### EXERCISE BRIEF
Exact copies of the lines below, from the one with "A sketch people" up to and including the one with "Reserve im Feuerwehrhaus)", are what this calls for; leave out pictures.

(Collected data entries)

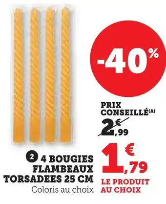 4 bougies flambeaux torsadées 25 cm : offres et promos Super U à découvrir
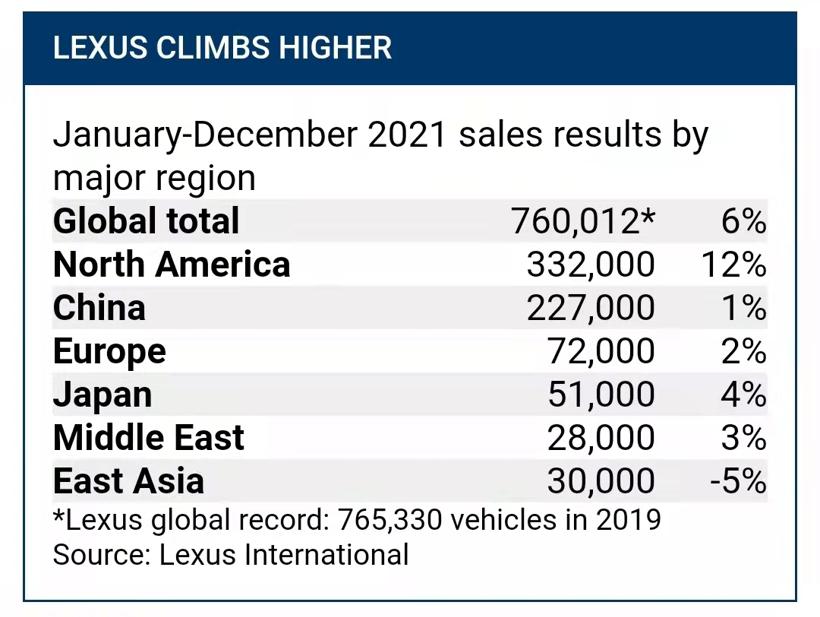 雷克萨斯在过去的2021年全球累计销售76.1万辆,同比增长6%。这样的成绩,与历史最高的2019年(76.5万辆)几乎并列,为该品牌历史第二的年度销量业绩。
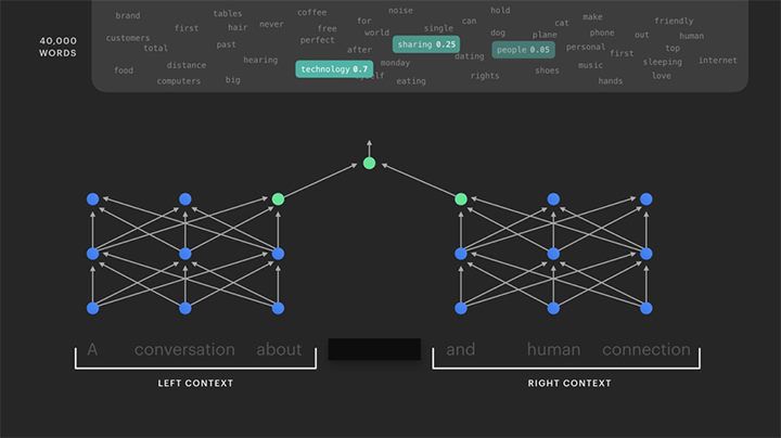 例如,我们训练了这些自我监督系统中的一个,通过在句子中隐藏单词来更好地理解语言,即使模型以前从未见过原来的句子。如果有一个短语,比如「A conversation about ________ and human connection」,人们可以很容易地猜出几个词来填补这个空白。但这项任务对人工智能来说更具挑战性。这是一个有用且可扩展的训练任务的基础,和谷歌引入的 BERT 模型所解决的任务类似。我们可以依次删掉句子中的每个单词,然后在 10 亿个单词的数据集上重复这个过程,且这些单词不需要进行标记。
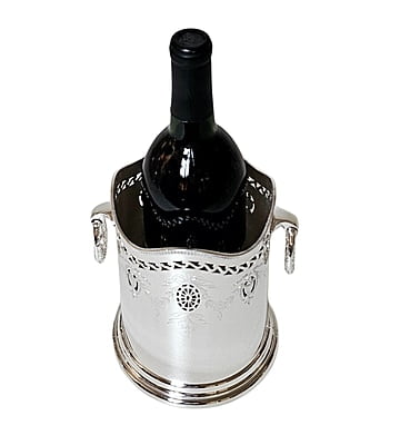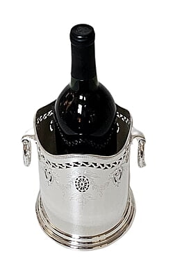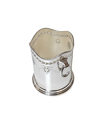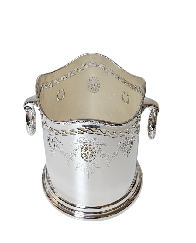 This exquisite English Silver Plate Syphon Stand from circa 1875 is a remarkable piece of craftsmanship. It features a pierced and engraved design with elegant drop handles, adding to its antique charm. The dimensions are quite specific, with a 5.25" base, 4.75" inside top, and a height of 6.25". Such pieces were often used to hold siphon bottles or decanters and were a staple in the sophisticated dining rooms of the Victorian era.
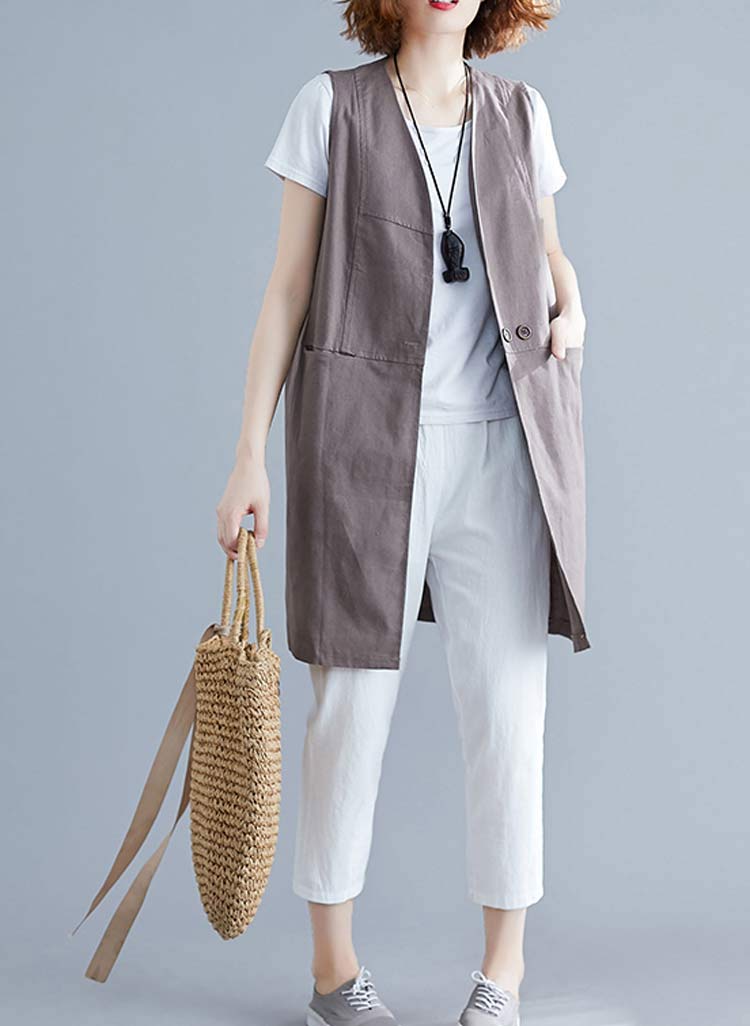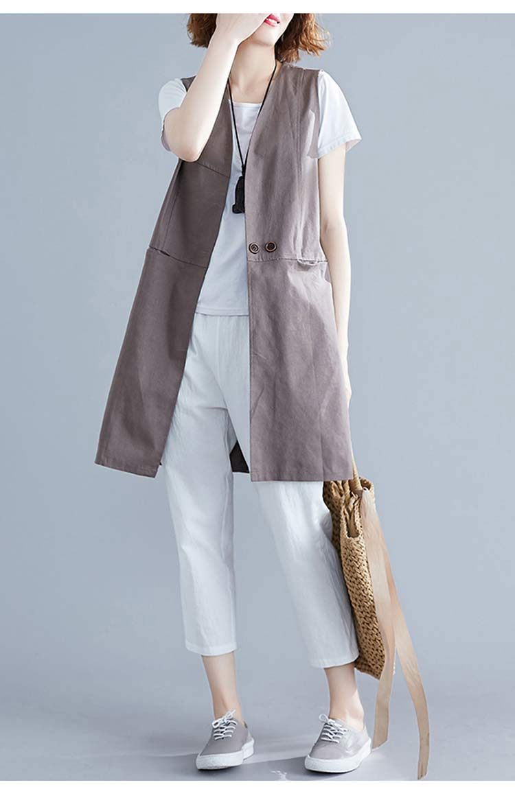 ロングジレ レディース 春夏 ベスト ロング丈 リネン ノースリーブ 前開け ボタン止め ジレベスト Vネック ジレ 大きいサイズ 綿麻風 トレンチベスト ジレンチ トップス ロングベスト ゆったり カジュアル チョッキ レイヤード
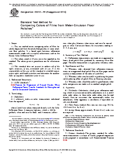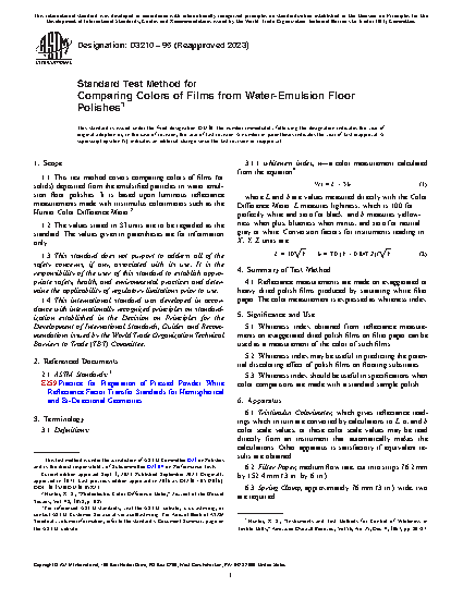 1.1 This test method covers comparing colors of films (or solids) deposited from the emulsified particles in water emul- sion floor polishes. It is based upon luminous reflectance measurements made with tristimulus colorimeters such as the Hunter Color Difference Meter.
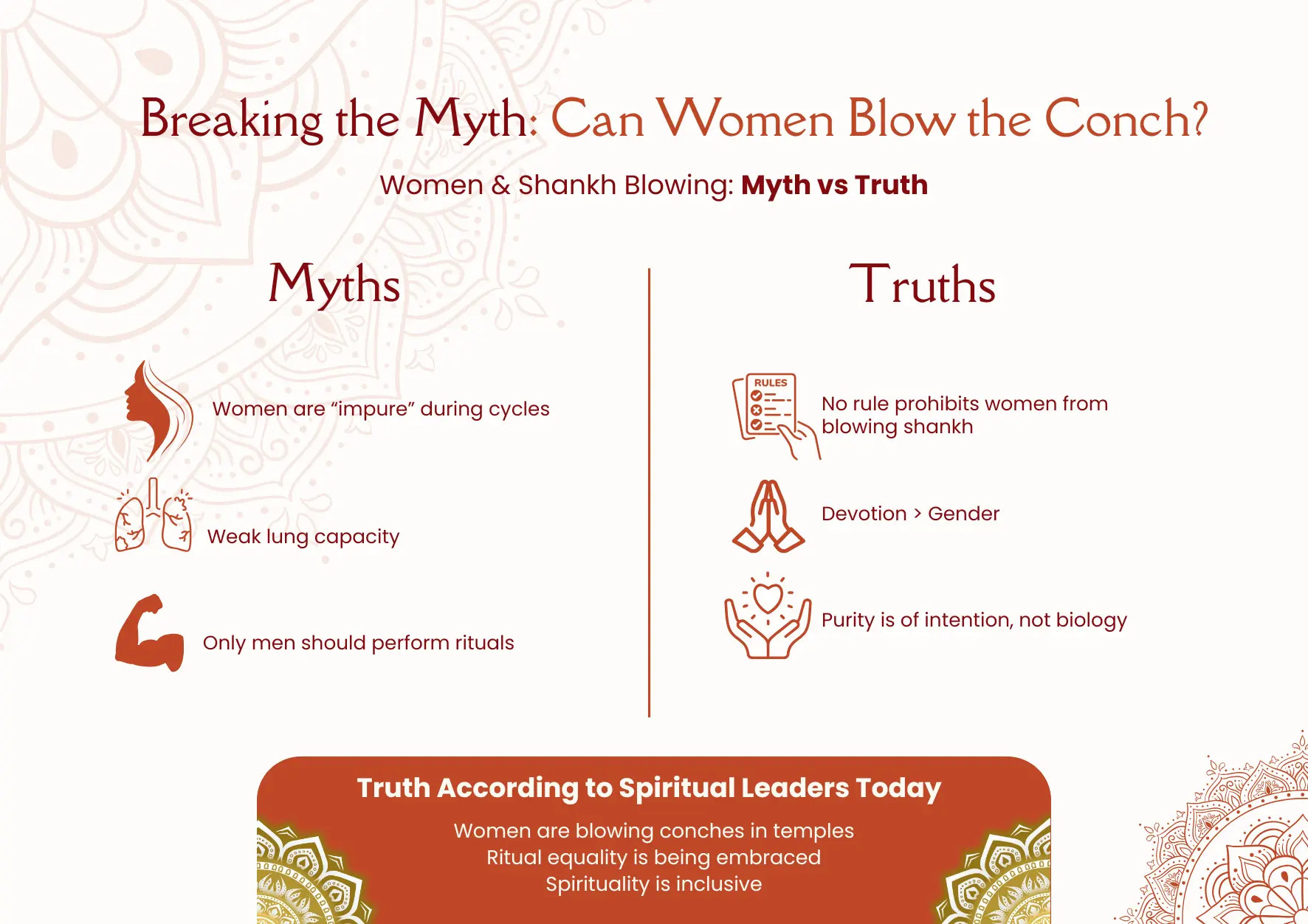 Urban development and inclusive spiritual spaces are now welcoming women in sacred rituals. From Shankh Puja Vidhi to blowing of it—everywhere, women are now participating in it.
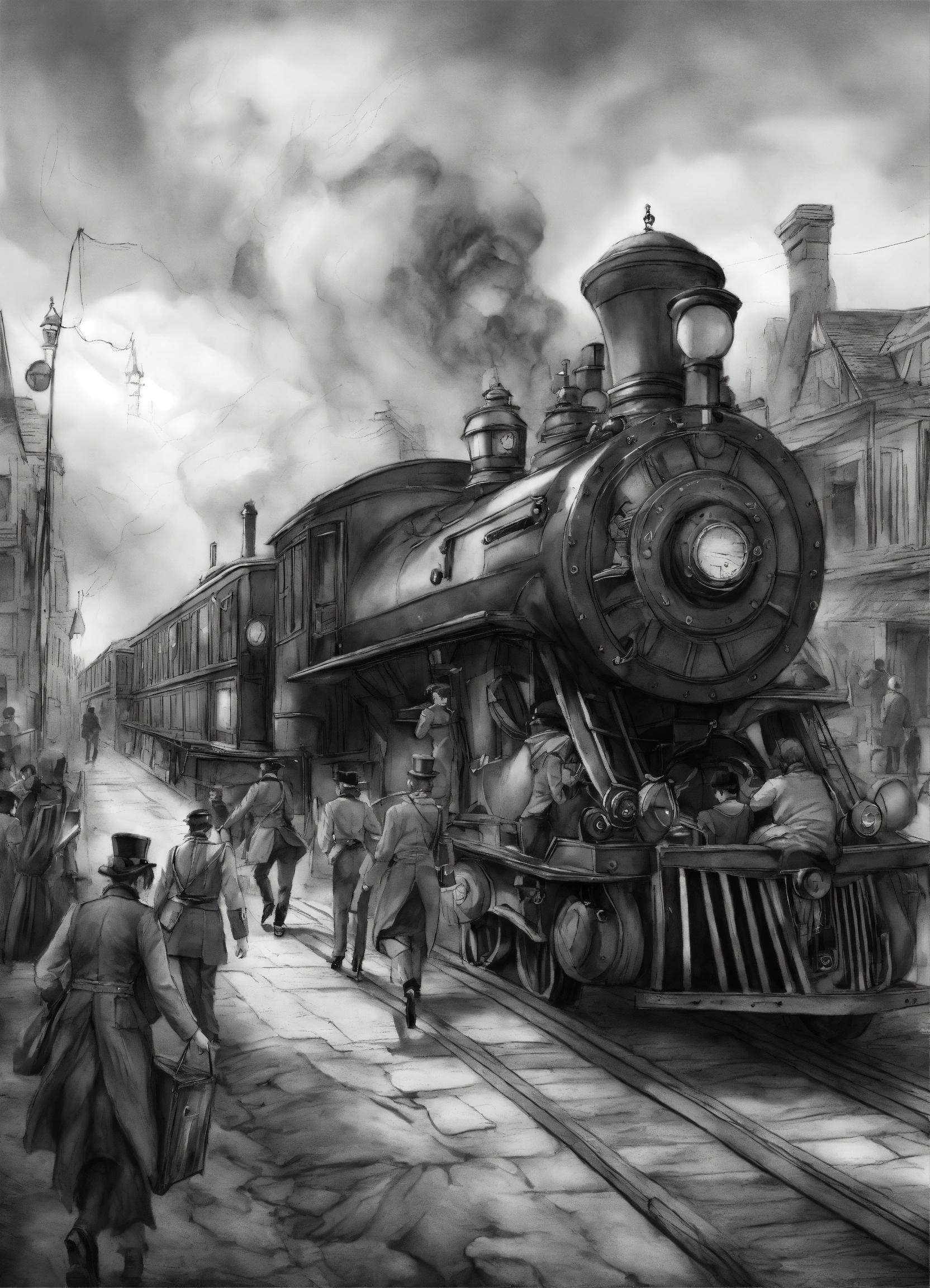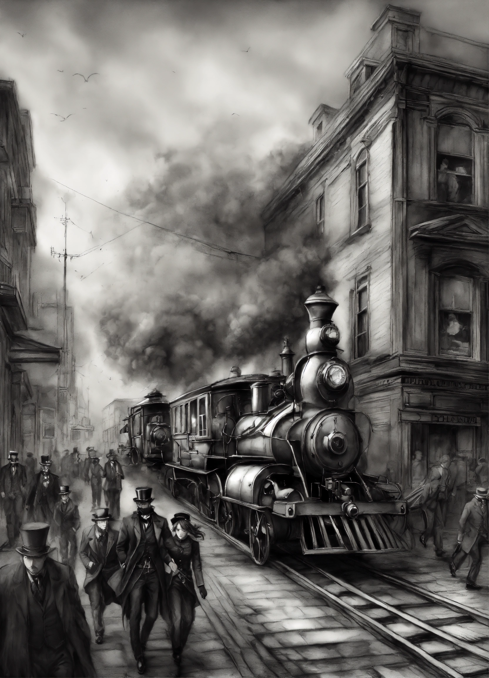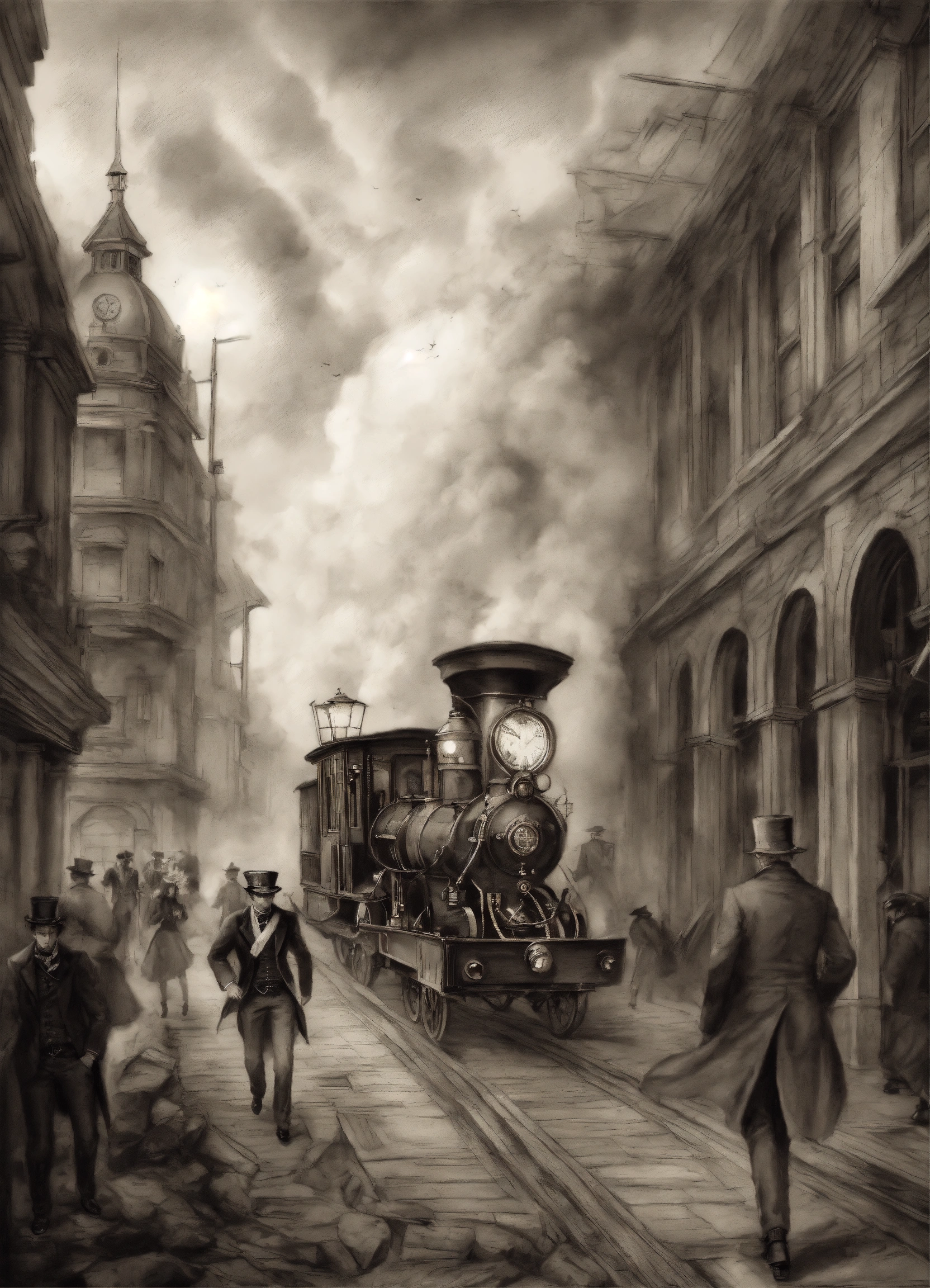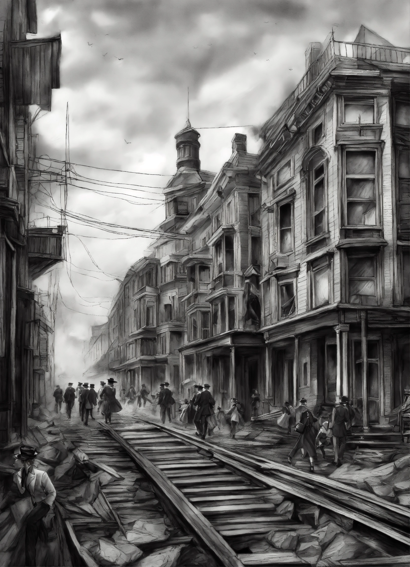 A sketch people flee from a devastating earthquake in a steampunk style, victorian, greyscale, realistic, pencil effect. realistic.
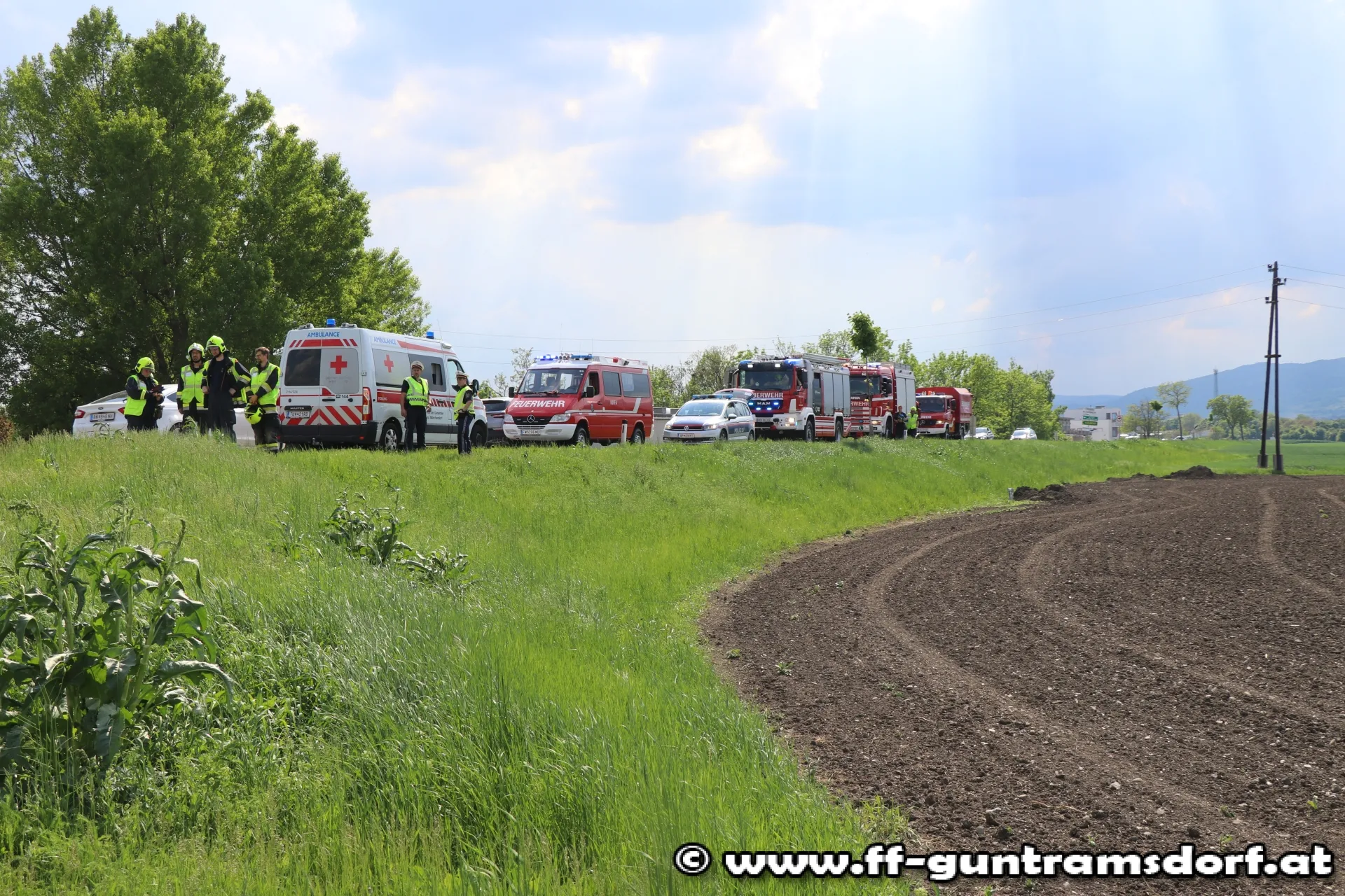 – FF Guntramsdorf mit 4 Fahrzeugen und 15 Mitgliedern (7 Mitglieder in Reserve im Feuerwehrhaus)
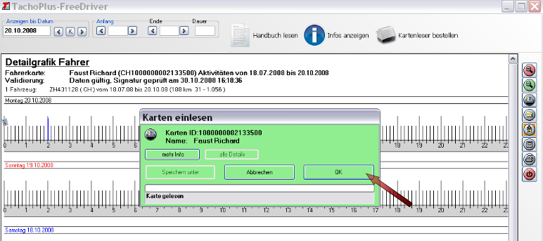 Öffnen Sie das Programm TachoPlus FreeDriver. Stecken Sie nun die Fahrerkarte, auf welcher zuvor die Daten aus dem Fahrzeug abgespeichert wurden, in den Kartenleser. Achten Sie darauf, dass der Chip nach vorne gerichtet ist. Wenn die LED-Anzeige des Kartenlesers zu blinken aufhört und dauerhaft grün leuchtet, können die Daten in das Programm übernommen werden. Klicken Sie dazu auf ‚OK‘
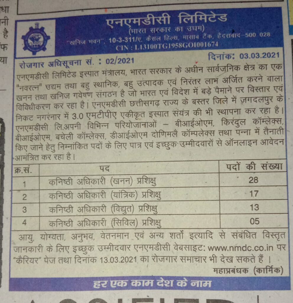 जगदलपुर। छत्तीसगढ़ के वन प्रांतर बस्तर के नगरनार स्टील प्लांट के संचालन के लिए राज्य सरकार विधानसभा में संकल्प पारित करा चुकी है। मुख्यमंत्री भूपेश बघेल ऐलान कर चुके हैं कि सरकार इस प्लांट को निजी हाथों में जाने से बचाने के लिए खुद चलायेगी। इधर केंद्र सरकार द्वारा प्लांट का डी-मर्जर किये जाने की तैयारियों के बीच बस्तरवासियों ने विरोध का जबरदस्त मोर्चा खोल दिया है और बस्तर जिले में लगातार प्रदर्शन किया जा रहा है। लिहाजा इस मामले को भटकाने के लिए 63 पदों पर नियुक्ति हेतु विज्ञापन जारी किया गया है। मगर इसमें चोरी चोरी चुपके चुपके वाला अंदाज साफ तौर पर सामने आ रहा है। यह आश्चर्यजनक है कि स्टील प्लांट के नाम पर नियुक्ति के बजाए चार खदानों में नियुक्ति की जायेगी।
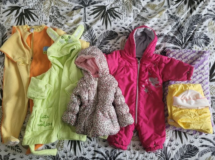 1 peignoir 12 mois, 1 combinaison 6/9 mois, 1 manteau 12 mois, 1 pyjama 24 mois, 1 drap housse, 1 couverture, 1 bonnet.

### WRITTEN RESPONSE
 A sketch people flee from a devastating earthquake in a steampunk style, victorian, greyscale, realistic, pencil effect. realistic.
 – FF Guntramsdorf mit 4 Fahrzeugen und 15 Mitgliedern (7 Mitglieder in Reserve im Feuerwehrhaus)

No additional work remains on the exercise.